In this case we can manually specify column names, or let Pandas generate them automatically:

In [5]:
pd.read_csv( 'Files-06/example-2.csv', header=None )

Unnamed: 0,0,1,2,3,4
0,1,2,3,4,hello
1,5,6,7,8,world
2,9,10,11,12,bye


In [6]:
pd.read_csv( 'Files-06/example-2.csv', names=['a', 'b', 'c', 'd', 'message'] )

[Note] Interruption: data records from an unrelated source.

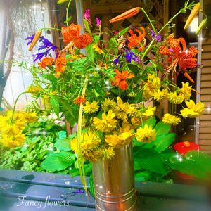 大雨☔️だったのもあり、久々に目についたものドバッと沢山挿しました〜 チョイ派手目編✨✨ 鬼百合 メドーセージ 八重花笠菊 野鶏頭? 秋の田村草 マリーゴールド 追記 ルドベキア タカオ 八重花笠菊とマリーゴールドは実は10日位お外で挿してたもの、長持ち〜❣️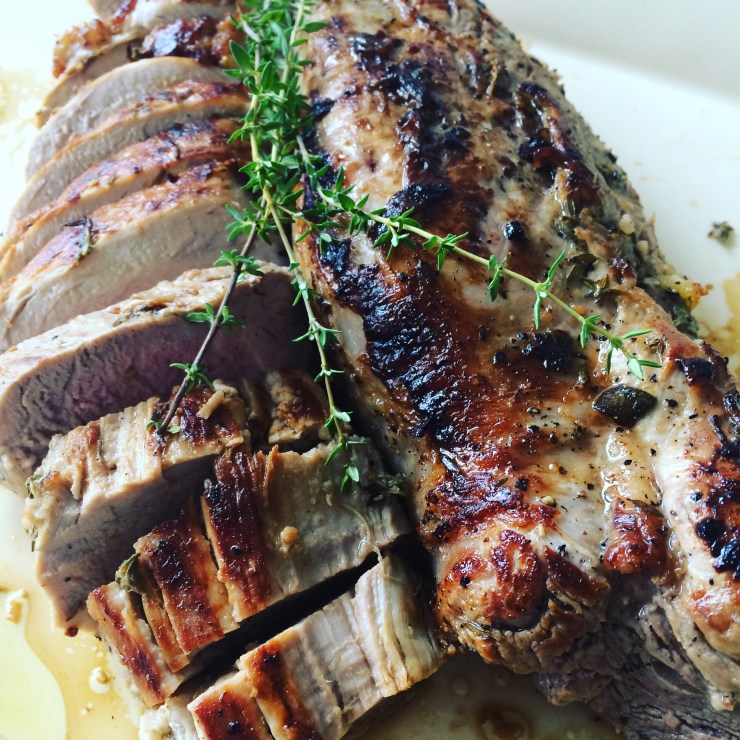 Discard marinade and place tenderloins on paper towels to remove excess liquid, but you can leave herbs stuck to meat. Season with salt and pepper.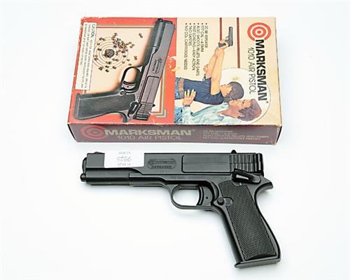 ** A BOXED .177 REPEATING (ON BB), SLIDE-COCKING AIR-PISTOL SIGNED MARKSMAN, MODEL '1010', serial no. 1E14, circa 1975, with 2 1/2in. flip-op barrel, black painted receiver and slide, integral chequered grip, the whole appearing little used AND COMPLETE with its makers polystyrene carton with printed card lid and instructions

Unnamed: 0,a,b,c,d,message
0,1,2,3,4,hello
1,5,6,7,8,world
2,9,10,11,12,bye


If we wish $message$ to be the index of the DataFrame, we can specify it through the $index\_col$ parameter:

In [7]:
names = ['a', 'b', 'c', 'd', 'message']
pd.read_csv( 'Files-06/example-2.csv', names=names, index_col='message' )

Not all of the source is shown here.